The remuneration presented below shows the remuneration paid to Optomed Plc’s Leadership Team (excluding the CEO) for the financial years 2023-2025:
| In EUR thousand | 2025 | 2024 | 2023 | |||
| Salaries and benefits | 471 | 395 | 377 | |||
| Short Term incentives | 41 | 17 | 0 | |||
| Share-based payments | 0 | 151 | 52 | |||
| Additional pension costs | 36 | 36 | 0 | |||
| Total | 548 | 599 | 429 | |||
Optomed offers the Leadership Team the statutory Finnish TyEL pension. In addition, they are entitled to separate pension arrangements from 2024 onward.
The Leadership Team members’ employment contracts may be terminated on a mutual basis with a notice period ranging from six to twelve months. In addition, the Vice President of Software and the managing director of Optomed Software Oy, Markku Myllylä, is entitled to a severance pay of an amount equaling nine months’ salary in addition to the salary for the notice period if the Company terminates the managing director contract. The severance pay is not payable in case of a material breach by the CEO or when the contract is terminated on grounds equal to those under Chapter 7 Section 2 or Chapter 8 Section 1 or 3 of the Finnish Employment Contracts Act (55/2001, as amended).
Short term incentive
In 2025, the Leadership Team participated in the same short term incentive scheme as the CEO. The maximum bonus for the Leadership Team members under the short-term incentive system was approximately 75% of their yearly fixed salary. The targets were the same as for the CEO.
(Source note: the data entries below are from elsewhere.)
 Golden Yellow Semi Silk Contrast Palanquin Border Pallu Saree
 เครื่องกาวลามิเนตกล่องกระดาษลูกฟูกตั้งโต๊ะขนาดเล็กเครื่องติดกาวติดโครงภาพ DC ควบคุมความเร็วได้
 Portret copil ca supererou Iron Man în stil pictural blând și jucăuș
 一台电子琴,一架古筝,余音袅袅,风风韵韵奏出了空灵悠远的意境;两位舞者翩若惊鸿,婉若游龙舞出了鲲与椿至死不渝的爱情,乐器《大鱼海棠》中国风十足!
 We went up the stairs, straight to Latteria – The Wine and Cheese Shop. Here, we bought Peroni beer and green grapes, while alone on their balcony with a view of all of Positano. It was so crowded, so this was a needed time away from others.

Based on the achievement of the targets in 2025, the Leadership Team members (excluding the CEO) will be paid a short-term incentive total of EUR 117 218 which corresponds to 43% percent of the maximum amount. The payment will be made in 2026. The performance metrics and earned incentives of the short-term incentive scheme are detailed in the table below.
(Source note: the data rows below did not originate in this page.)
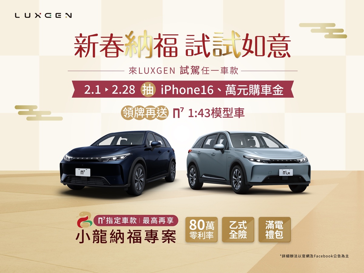 試試如意」多重購車優惠方案,讓您蛇年新春事事如意、大吉大利。凡於2月份試駕LUXGEN全車系任一車款,就有機會抽中限量「iphone 16 」、萬元購車金;入主純電休旅 n7或 n7 LR長程版特定車型,可享四年最高20%充電點數回饋(1)(2),再送家用充電樁或2.6萬自由配,領牌再送n⁷ 1:43合金模型車;同步再享指定車款「小龍納福」等多項純電休旅獨享優惠,敬請把握新春開工最划算的購車機會,讓您開春贏得好兆頭、歡喜迎接金蛇年!
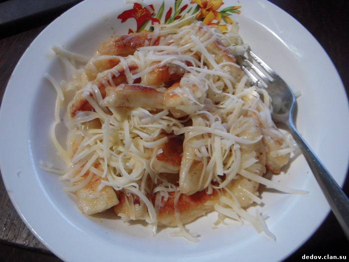 | Nikita_Nikitin, это ленивые варенники, поэтому начинка снаружи - это сыр  Добавлено (16.11.2009, 18:30:44) --------------------------------------------- Напомню, они делаются из творога.
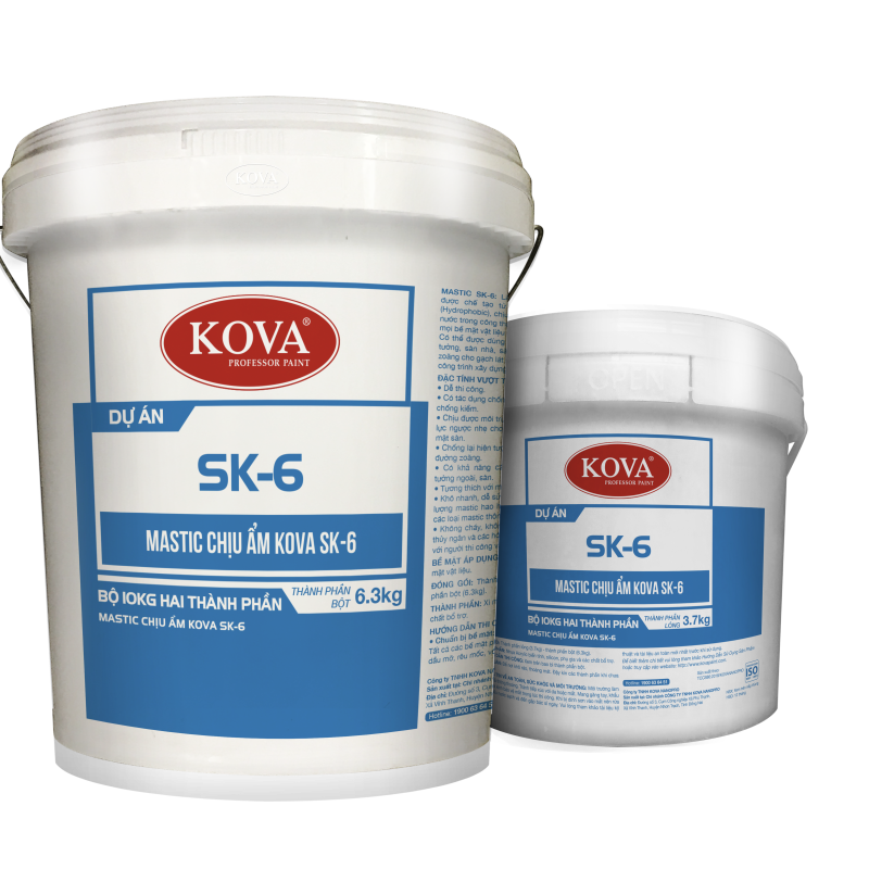 Mastic chịu ẩm KOVA SK6 là loại mastic 2 thành phần được chế tạo từ những Monomer kỵ nước (Hydrophobic), chịu được ẩm ướt nhờ có tính kỵ nước trong công thức phân tử. Bám dính tốt trên mọi bề mặt vật liệu bê tông, xi măng, gạch… Có thể được dùng để phủ lên tường xây, chân tường, sàn nhà, sàn sân hoặc làm hồ để chà zoăng cho gạch lát sàn, ứng dụng cho tất cả các công trình xây dựng dân dụng và công nghiệp
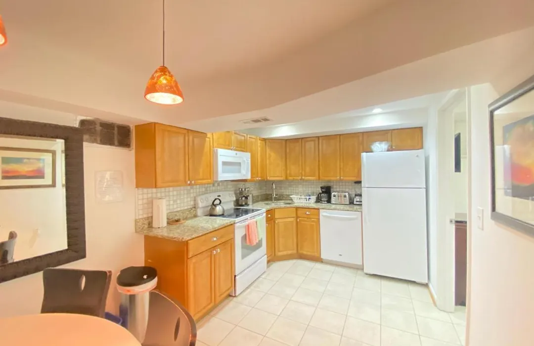 Dotato di un angolo cottura attrezzato, l'appartamento Comfy Basement Home 2 Bdrm1Den 3Queen Beds mette a disposizione degli ospiti anche una zona pranzo all'aperto per gustare i propri pasti. L'aeroporto più vicino è Nazionale di Washington Ronald Reagan, a 15 km da questa struttura.
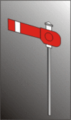 Semaphore signals consist of a pole with an arm mounted to the left. This arm has two positions:
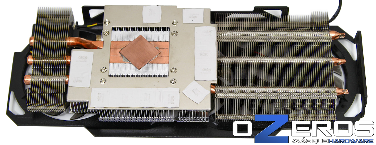 Lo que también podemos apreciar en la imagen anterior lo vemos algo más en detalle en la siguiente fotografía: Un soporte y a la vez disipador que sostiene un pequeño disipador para las fases de poder el cual podremos ver más adelante. Por otro lado y cerrando esta revisión visual podemos ver tres de los heatpipes de 6 mm saliendo a través de la densa área de aletas.

| Measure | Weight of the measure (%) | Outcome on the measurement scale | Total earning opportunity (per cent of the fixed annual salary) | Total outcome for Leadership Team members (excluding CEO) |
| Revenue growth | 50% | 61% |
Maximum earning opportunity: 75% |
EUR 117 218 |
| Cash flows before Net Working Capital changes | 20% | 0% | ||
| Measures based on strategic targets and projects | 30% | 43% |
Long term incentive
The members of the Leadership Team have received options entitling to shares in the Company as an incentive. The subscription prices of the options are EUR 3.50 – 5.00 and the subscription periods range between 2025–2029. The options are forfeited and automatically transferred to the Company without consideration if the employment or service relationship to the Group is terminated, for any reason whatsoever, or if the consultancy agreement with the Group is terminated, for any reason whatsoever, unless the Board of Directors decides to deviate from the rule.